Whitcomb prend un chapitre pour répondre à ce dernier point. La guerre aérienne que mène l'USAF depuis 1968 se concentre alors sur la piste Hô Chi Minh. Malgré une véritable débauchede technologie, utilisateur de senseurs, de bombes à guidage laser, développement des gunships, l'USAF n'arrive pas à stopper le flot des camions sur la piste. Le général Abrams, le commandant en chef du MACV, acquiesce à l'invasion du nord-Laos en 1971 par l'ARVN, l'opération Lam Son 719, pour tenter de couper la piste, et qui se termine en désastre. Début 1972, la piste reste garnie de DCA et les premiers missiles sol-air SA-2 installés au Laos abattent un AC-130 en janvier. Le général Lavelle, commandant la 7th Air Force, autorise de plus en plus d'incursions au-delà des limites autorisées face à la réaction très violente de la DCA nord-viêtnamienne, avant que son stratagème ne soit mis à jour et qu'il ne soit forcé d'abandonner ses fonctions. En conséquence, les équipages de l'USAF font des missions SAR un objectif qui en vaut la peine : sauver des compatriotes, et plusieurs autres opérations d'envergure sont menées dès 1969 avant la récupération d'Hambleton. Dans un autre chapitre, Whitcomb explique aussi combien les aviateurs sont déconnectés des combats au sol. Cela est lié à l'histoire institutionnelle de l'USAF mais également à un mépris certain de l'allié sud-viêtnamien, qui en 1972 se charge des combats terrestres. Ce n'est pas systématique mais c'est la tendance qui domine assurément. Ce sont donc deux guerres, au sol et dans les airs, qui sont menées, et pas une seule. La coalition Etats-Unis/Sud-Viêtnam ne fonctionne pas bien alors que l'USAF conduit pour ainsi dire une mission d'arrière-garde, pendant que l'armée américaine se retire.

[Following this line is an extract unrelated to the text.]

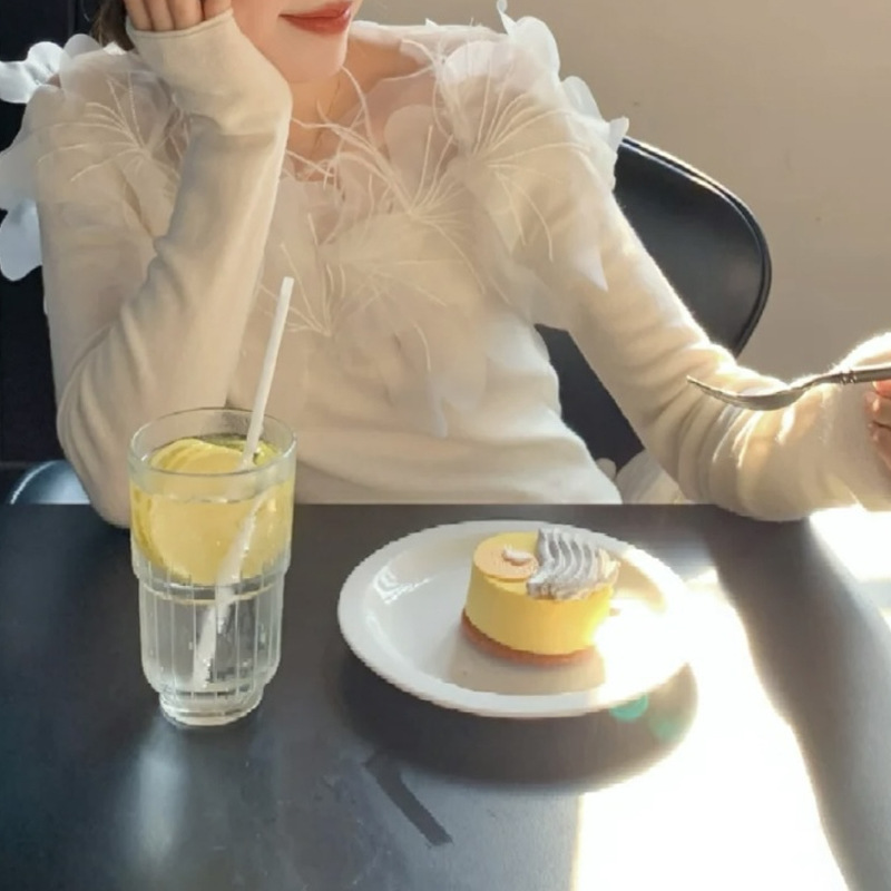 锦倩 小香风纯欲羽毛上衣女春秋新款打底衫长袖内搭针织衫 修身型

Whitcomb termine son livre par une postface qui compare la mission SAR de 1972 à l'opération Gothic Serpentà Mogadischio en octobre 1993, mais la comparaison laisse quelque peu dubitative. Dommage également que toutes les cartes soient situées dans le livre photo central, car il faut s'y reporter pour suivre correctement toutes les manoeuvres et tous les événements décrits. Il n'y a malheureusement pas de bibliographie récapitulative après les notes mais la plupart des ouvrages renvoie à des sources secondaires anglo-saxonnes, bien évidemment. L'ouvrage de Whitcomb est donc incontournable sur le sujet, mais reste à compléter sur plusieurs points.